I think the pandemic is shining a light on how different some states are from others, and I think the differences are growing. I feel like we are reverting to pre-civil war state governments. I think people are going to start shifting where they live according to political beliefs instead of job opportunities.

I don't think I will ever feel safe living in anything that feels bottle-necked again, especially a high-rise building.

I have some very democratic beliefs, but I don't want to be in a democratic state right now, and I have felt that way even before the pandemic. I think a lot of people with democratic beliefs suddenly change their behavior when tested, and I don't like being present while they figure all that out. People got tested and it wasn't pretty how they chose to behave. Too often, their behavior was worse than the worst of what they professed to be so against.

I have limited resources to choose to where I live. I did react to the immediate situation, and think that was smart. I had an opportunity to flee to a "covid-bunker" as my relative has named my apartment, and we both know that this is unlikely to be where I stay. He was the only person willing to help me, and I was really in trouble. I am SOOOO grateful to be where I am right now. This is working so far. But the world keeps changing, and I expect politics to become increasingly critical to where people live. 

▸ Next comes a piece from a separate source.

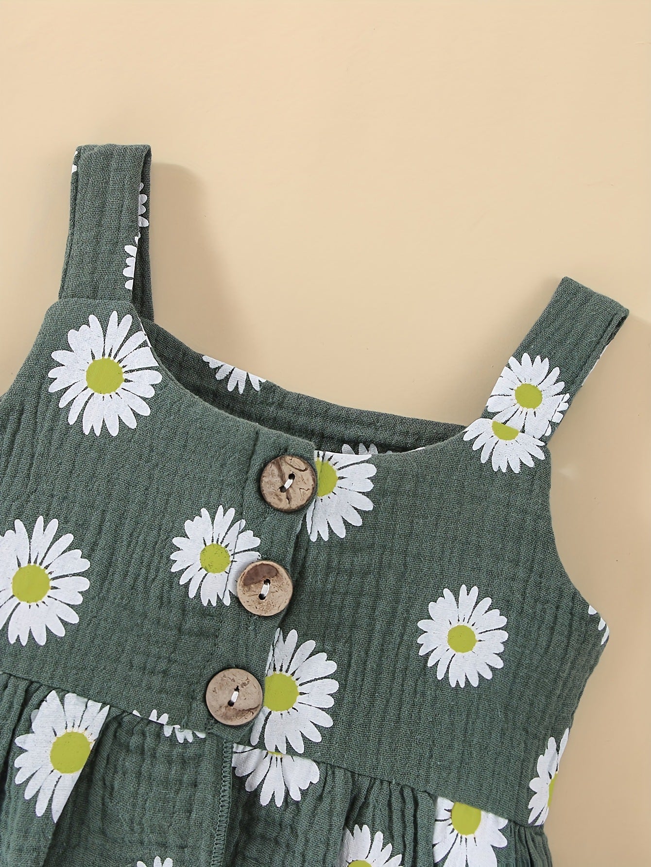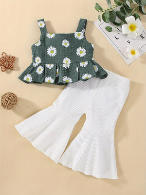 Vivace, comodo e super trendy! Questo completo estivo per bambina è composto da un top verde scuro a spalline con stampa di margherite e bottoncini decorativi, abbinato a pantaloni bianchi a costine con taglio a zampa. Perfetto per creare outfit originali e alla moda, ideali per passeggiate, feste e giornate di sole!

If people are going to reach the true bottom of what they will do when pushed, at least conservative is ... I am not prepared to get into political discussions. Not even a little. So I need to just be quiet. And if things go as I think they will go, I need to move where I think best for me to be, and be even more quiet. I need to lay low and keep my mouth shut for awhile. This is not my time. Whatever I am on this earth to accomplish. I just need to live and to wait for it. 

And where I live, the conservatives are much more like rainbird’s. God help you if you express the tiniest hint of anything that isn’t 100% extreme far right. My (one) minority neighbor family no longer feels safe & has put their house up for sale. The POTUS won't commit to a peaceful transfer of power if he loses and, if he does lose, I expect we will see a lot of social unrest and possibly a constitutional crisis.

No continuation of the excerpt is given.